Говорят, ковид повлиял на зрение многих. Возможно, поэтому художник по костюмам Энтони Макдональд придумал героям цветовые характеристики: консул Шарплес (Брайен Маллиган) у него в ярко-желтом, Пинкертон – в синем, сводник Горо (Михаэль Лауренц) – в зеленом. Их легко различить на белом фоне, разве что духи, составляющие важную часть действия, оказываются исключением - в белом, иногда дол полного растворения в пейзаже.
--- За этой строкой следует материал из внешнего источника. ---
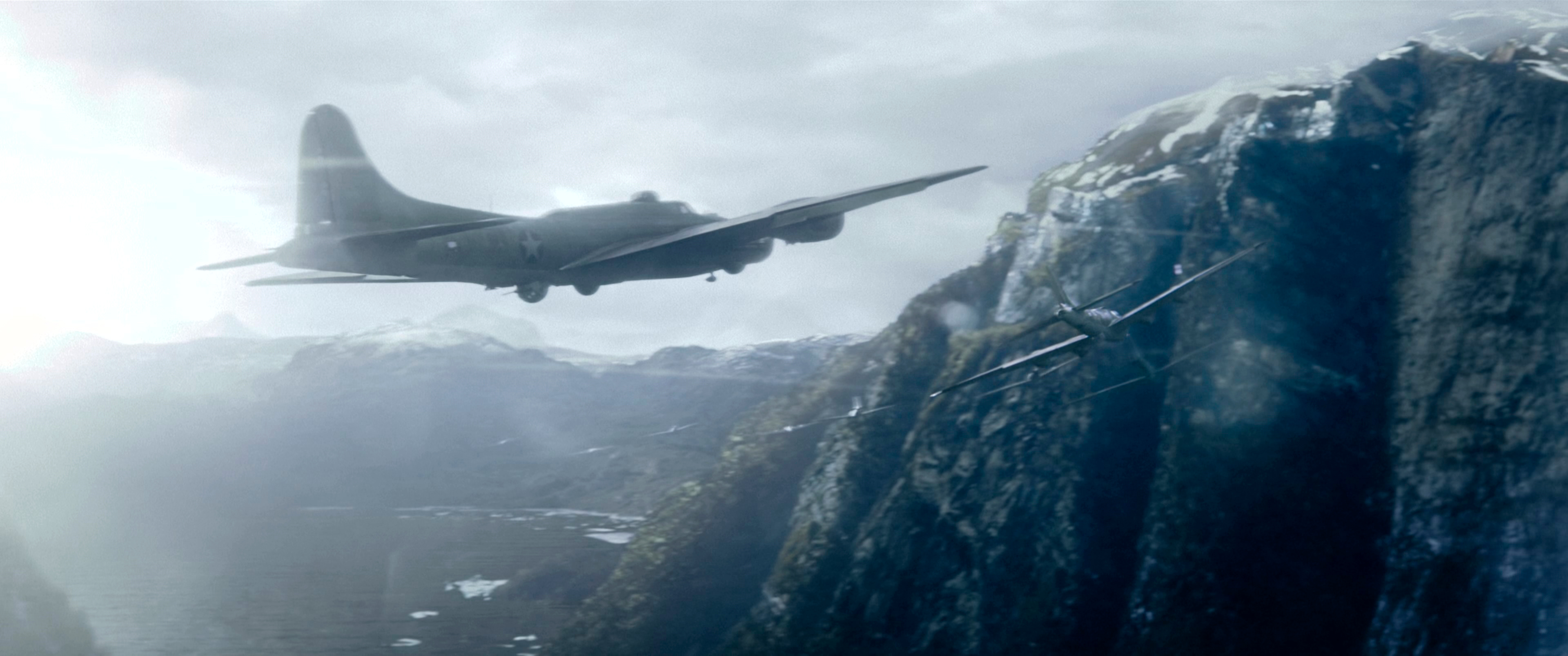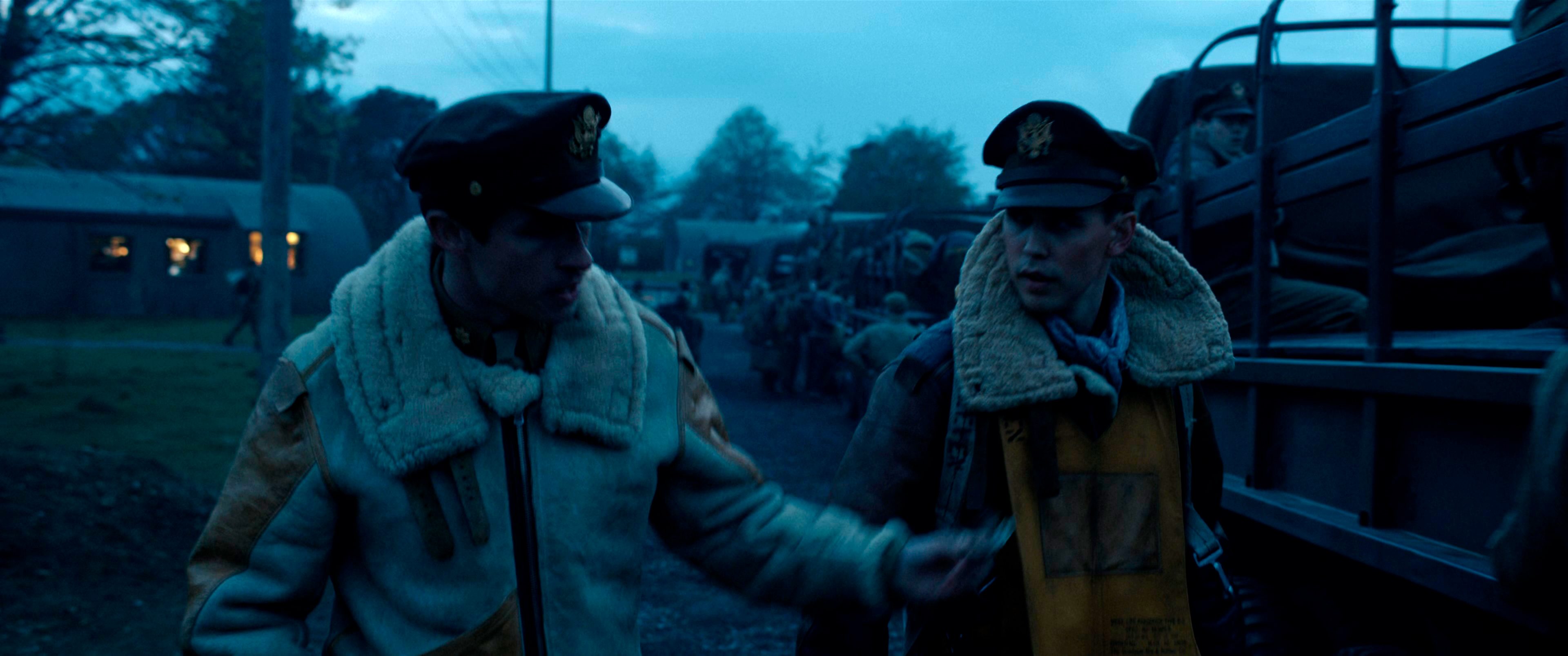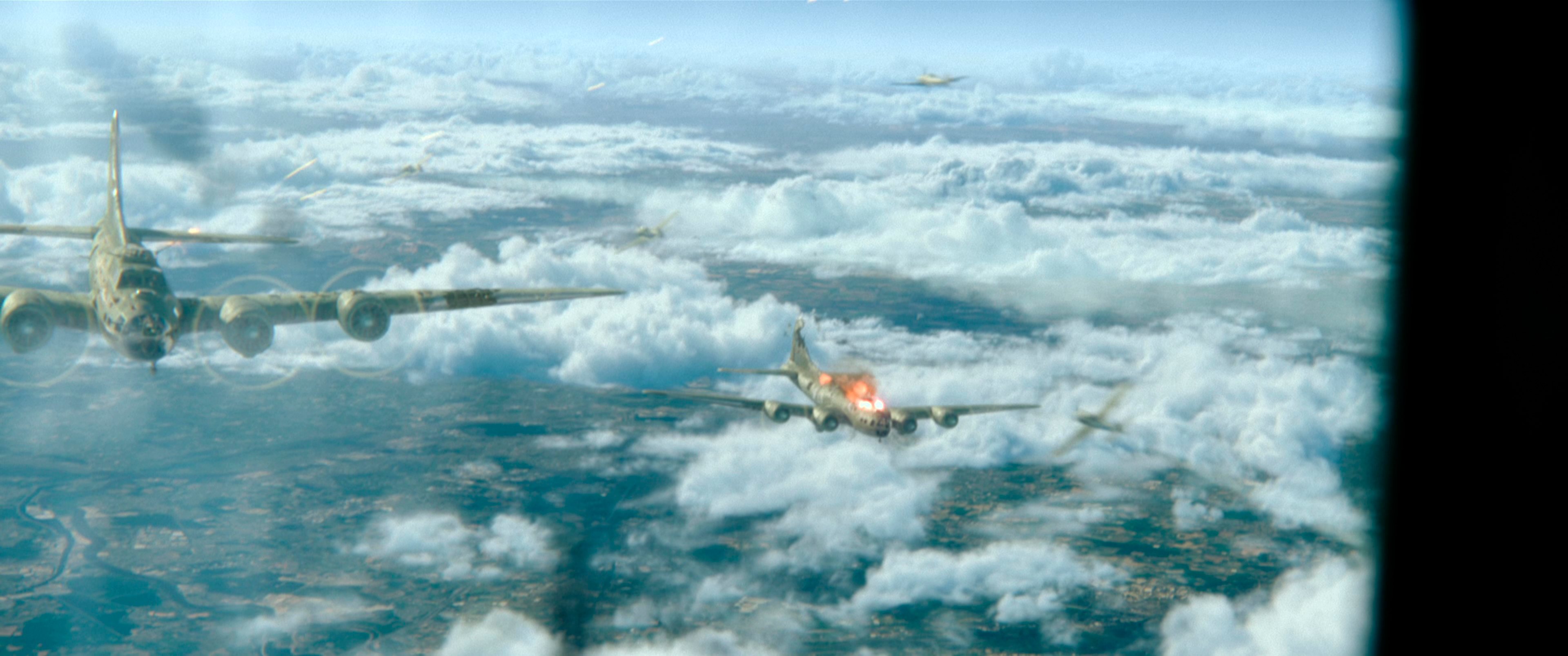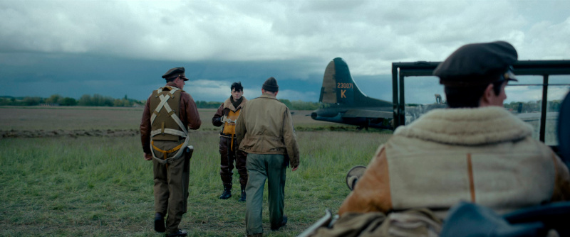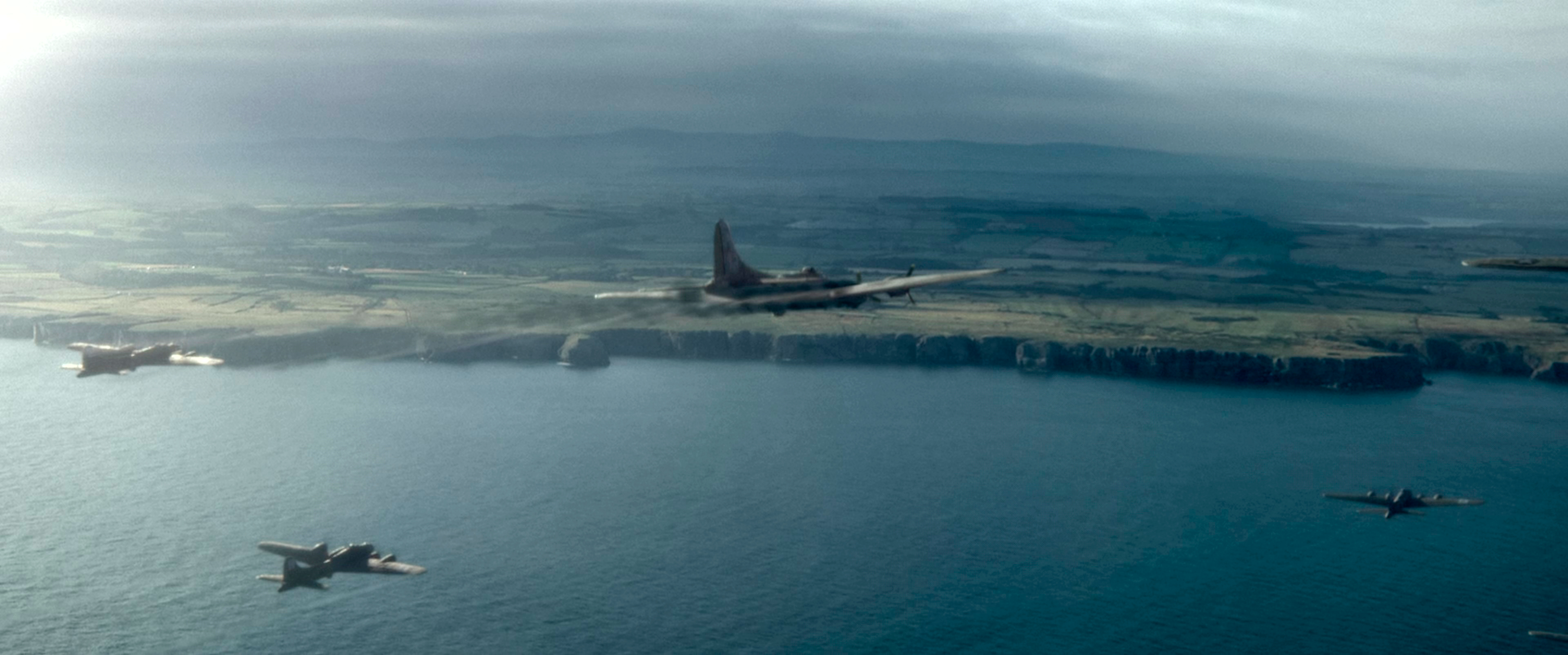 И при съемке использовалась технология The Volume, которую, например, применяли в "Мандалорце" 2019 года: копии B-17 подвешивались на высоте 15 метров внутри экранной сферы в 360 градусов, на которой проецировалось происходящее, причем подвес реагировал на происходящее - на взрывы и так далее. При этом актерам было очень сложно попадать в этот подвесной макет, так что им обычно приходилось проводить до 7 часов внутри, чтобы можно было отснять запланированные сцены боев.

Героям даровано пространство для движения, спуск-подьем и горизонтальные векторы многое определяют в кинетике спектакля. Но свобода перемещения не означает внутренней свободы. Все зависят от собственных маний, и если Горо настойчиво предлагает американцам удобный для них образ Японии, которой никогда не существовало в действительности, то американский консул Шарплес безуспешно пытается раскрыть глаза на коварство Пинкертона.
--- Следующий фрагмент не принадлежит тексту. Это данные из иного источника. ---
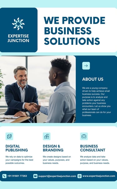 Over the years, I’ve worked across graphic design, video editing, and content strategy—helping brands communicate clearly and creatively. At Expertise Junction, I blend design thinking with storytelling to create visuals that connect, engage, and perform.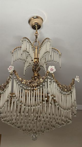 Lámpara de techo dorada con detalles de porcelana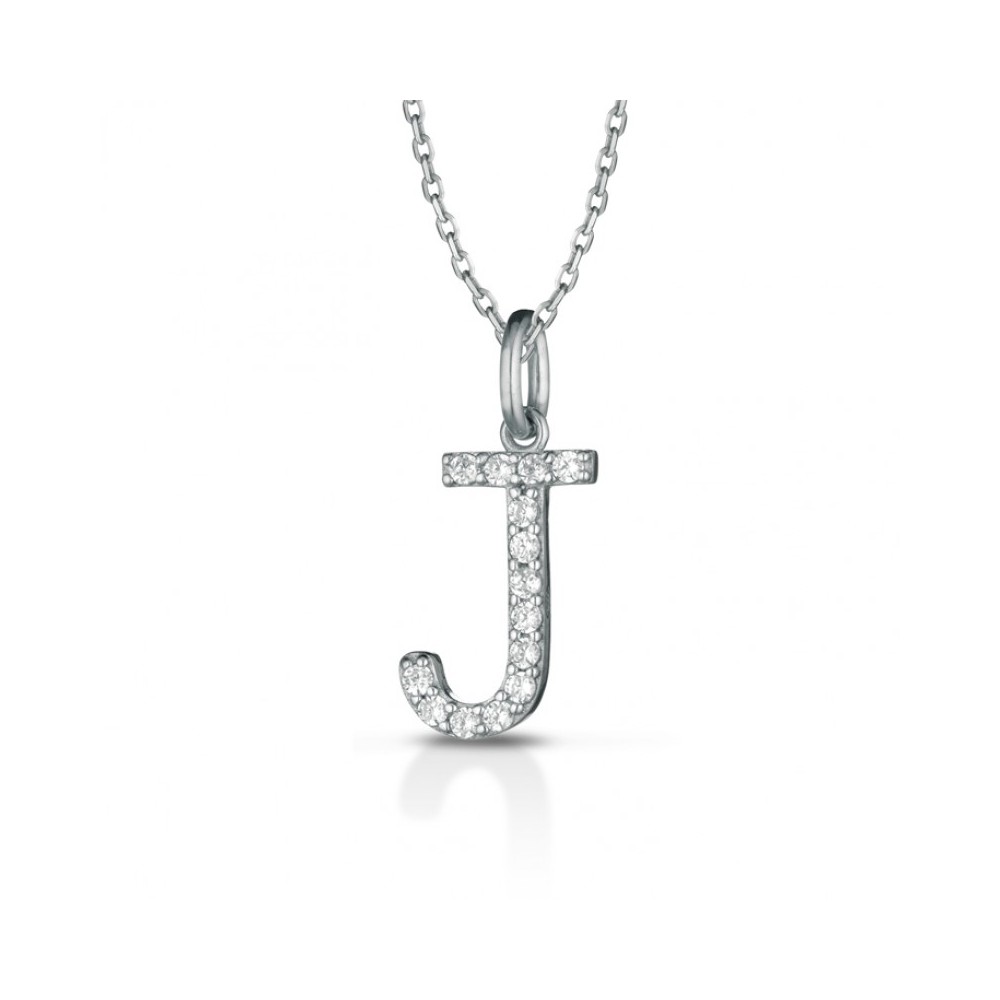 Collana in argento 925 "lettera J" con zirconi e catenina - 1ONE GIOIELLI.

У Андреаса Хомоки другая заветная мысль – о связи поведения американского моряка с феноменом «White supremacy», теорией «превосходства белых», существовавшей в широком спектре, от Гобино до Киплинга. По спектаклю не видно, чтобы Пинкертон их читал, но он тут не делатель, а типичный пример глубоко расистского отношения к гейше, при том что сама 15-летняя Чио-Чио-сан гейшей быть не хочет, она хочет быть американкой. Сцена, когда она заворачивается в многозвездный флаг и так ходит в нем по дому, кажется трогательно-умилительной, если не видеть в ней трагически неудачную попытку отказаться от своей идентичности и обрести новую.

 

© Bregenzer Festspiele / Anja Köhler

 

Впрочем, зритель, может не воспринимать все эти подтексты и отсылки к культурной истории расизма он вправе смотреть и слушать мелодраму – благо, и играют, и поют с чувством. Особенно хороша и соло, и в дуэте с Пинкертоном (литовский тенор Эдгарас Монтвидас) узбекская сопрано Барно Исматуллаева. В заглавной партии «Мадам Баттерфляй» москвичи могут ее себе представить – недолгое время она была солисткой московского музыкального театра им. Станиславского, единственная главная партия, которую она там пела, была как раз Чио-Чио-Сан, после чего Исматуллаеву стали приглашать с нею европейские театры, пока дело не дошло до Брегенца. В очередь с нею поет и нынешняя солистка театра им. Станиславского Елена Гусева, прежде она уже исполняла партию Чио-Чио-Сам в Москве, Гамбурге и Вене.

 

© Bregenzer Festspiele / Anja Köhler

 

Выступающий в Брегенце каждое лето Венский симфонический оркестр под управлением много работающей в Германии тайваньки Йи Чен Лин (она дирижирует на пару с Энрике Маццолой) не испытывает трудностей с передачей пуччиниевского лиризма. Оркестр привычно играет на основные сцене Фестивального дворца, а звук не менее привычно передается, благодаря сверхценной электронике, через колонки. Слушая в исполнении венцев «Баттерфляй», становится непонятно, как могла провалиться опера на премьере в «Ла Скале» в 1904-м, - ни одного аплодисмента, единственная запомнившаяся посреди чихания и ворчания публики реплика из зала: «Да она беременна от Тосканини!», это когда на певице, исполнявшей главную партию, стало развиваться кимоно (а у нее и впрямь был роман с дирижером). Композитор и либреттисты вынуждены были переделывать ее из двухактовой в трехактовую, а затем продвигать на столичные сцены через провинциальную Брешиу. Зато понятно, как сильно повлиял веризм в целом и Пуччини в частности на музыку Голливуда – и это к чести Голливуда, а не в укор Пуччини, при том что связи Пуччини с веризмом кажутся сейчас многим проблематичными. Иначе начинаешь относиться к известному анекдоту о Бриттене и Шостаковиче. Говоря о Пуччини, первый заметил – «Какая ужасная музыка!». – «Зато какая хорошая опера», - отвечал Дмитрий Дмитриевич.

С Шостаковичем согласна и публика Брегенца. Билеты на «Баттерфляй» в этом году распроданы, ажиотаж наверняка повторится и будущим летом, когда оперу повторят. Оценить этот прогноз предстоит скоро, кассы откроются уже в августе.

Это расширенная версия статьи, опубликованная Ъ.